[Items listed in a dataset]

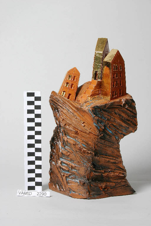 - NOTIZIE STORICO CRITICHE L'oggetto è realizzato in terracotta di Castellamonte, decorato con smalti, ossidi e lustro metallico dai riflessi dorati
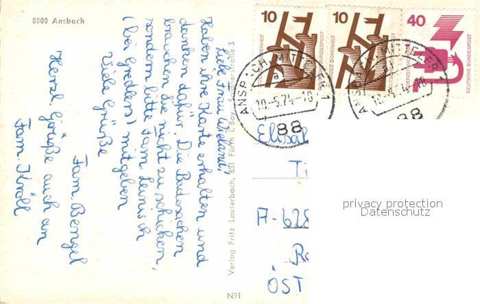 72890452 alte Postkarte Ansbach Mittelfranken Schloss Hofgarten Orangerie Kirche Schlosstor Herriedertor Brunnen Prinzenschloesschen postalisch gelaufen Erhaltung siehe scans [FriedD77] KatCode: 11110009561000
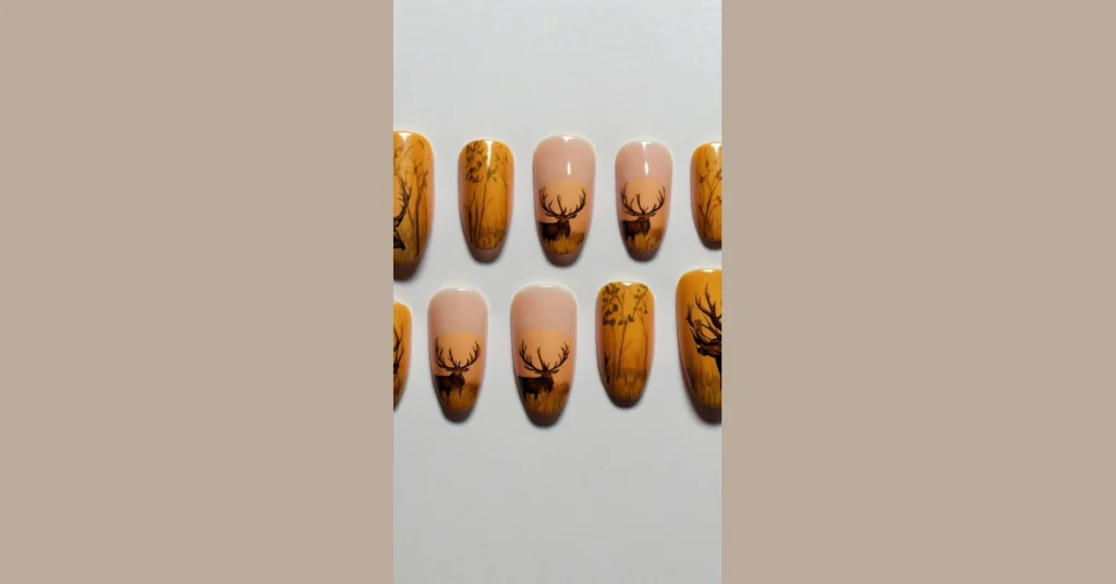 These nails are totally rocking those gorgeous fall colors, like a sunset painted right onto your fingertips, making them perfect for pumpkin patch visits or cozy sweater weather. Whether you’re feeling woodsy chic or just want to add a touch of forest magic to your everyday look, these deer prints are sure to get people talking. Plus, who needs a subtle shimmer when you can have a full-blown stag showing off its impressive antlers on each nail?
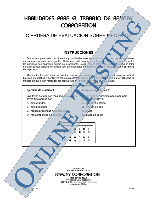 | C Mechanic Evaluation - Form A5 (Spanish) | Paper Test | Spanish | RR192-A-SP |
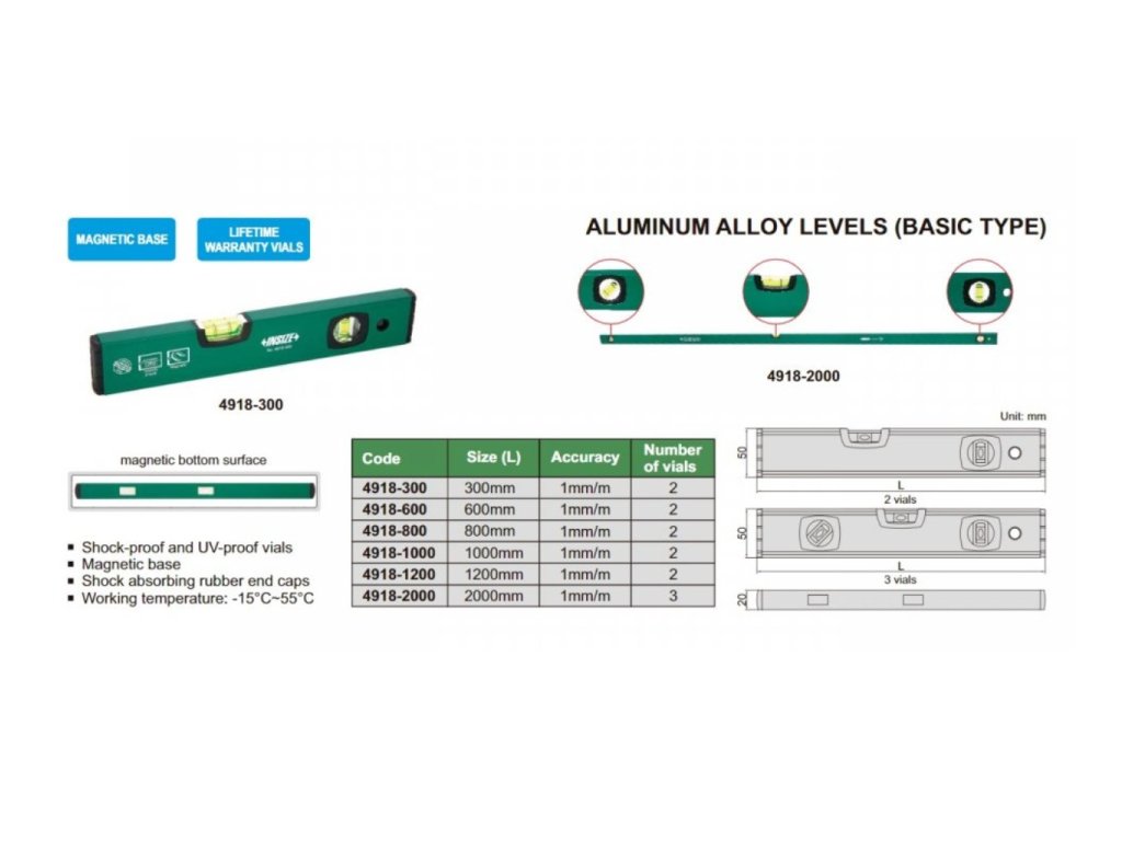 Nivelă de la Insize cu bază magnetică, precizie de măsurare +/- 1 mm/m.
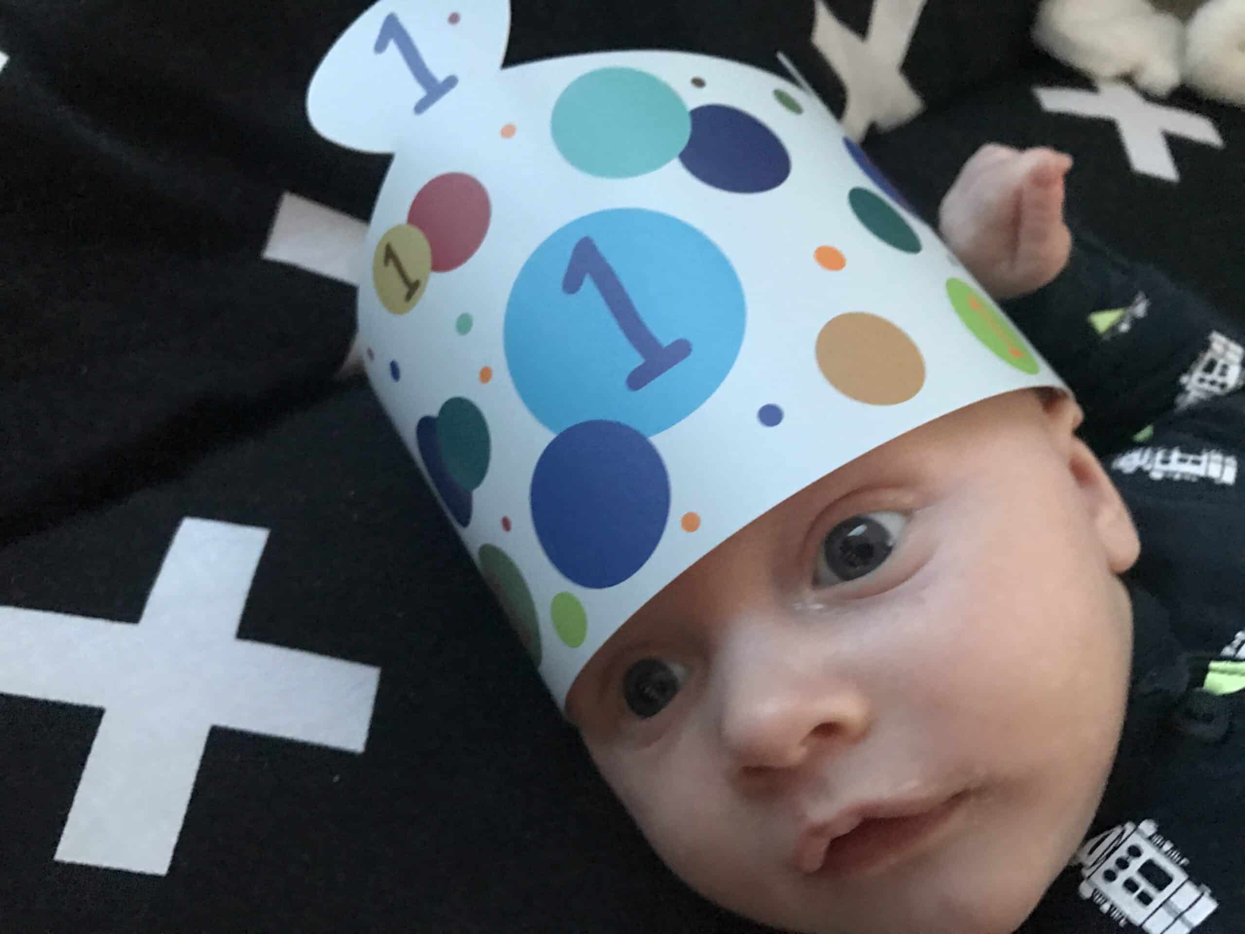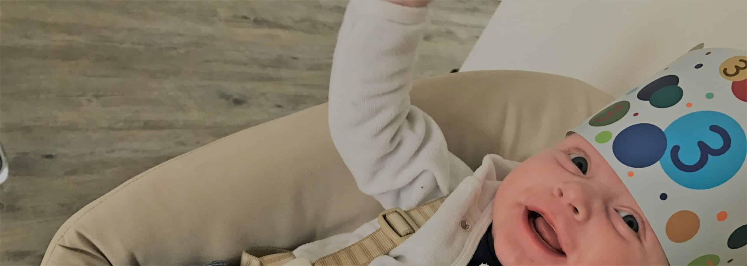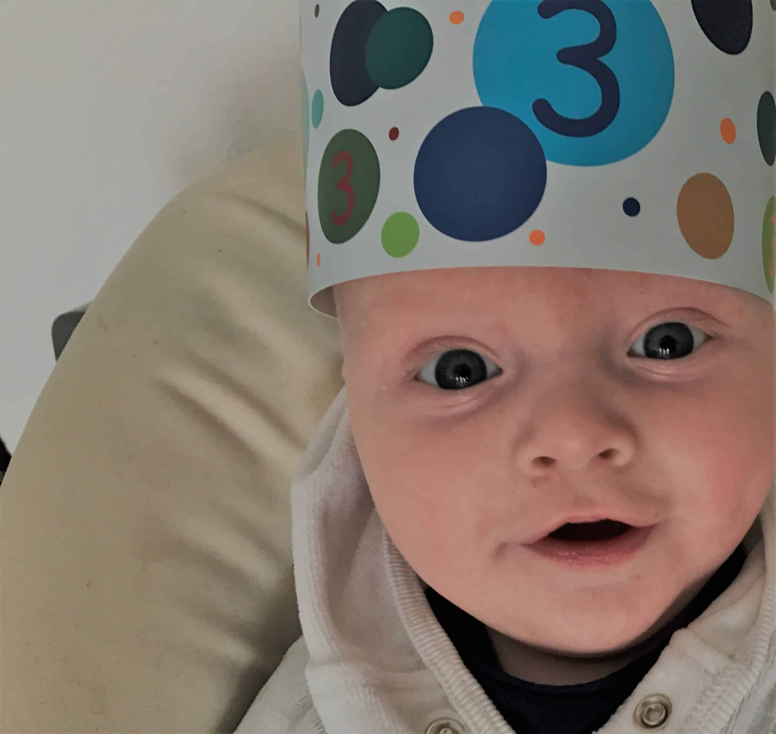 Rechts zie je de kroontjes en links allemaal vierkantjes met cijfers. De kroontjes staan voor het aantal maanden dat je kindje is. Elke maand maak je een mooie foto van je kindje met het kroontje die staat voor het aantal maanden. Een ver-maand-dag. Liam is drie maanden dus we hebben drie foto’s met kroontjes. Dit is de foto van Liam met één maand.

• _EXERCISE DIRECTIONS_
Above are the records; repeat their lines from the first through the line containing "72890452 alte Postkarte", and leave out each picture.

• _RESULT OF THE EXERCISE_
 - NOTIZIE STORICO CRITICHE L'oggetto è realizzato in terracotta di Castellamonte, decorato con smalti, ossidi e lustro metallico dai riflessi dorati
 72890452 alte Postkarte Ansbach Mittelfranken Schloss Hofgarten Orangerie Kirche Schlosstor Herriedertor Brunnen Prinzenschloesschen postalisch gelaufen Erhaltung siehe scans [FriedD77] KatCode: 11110009561000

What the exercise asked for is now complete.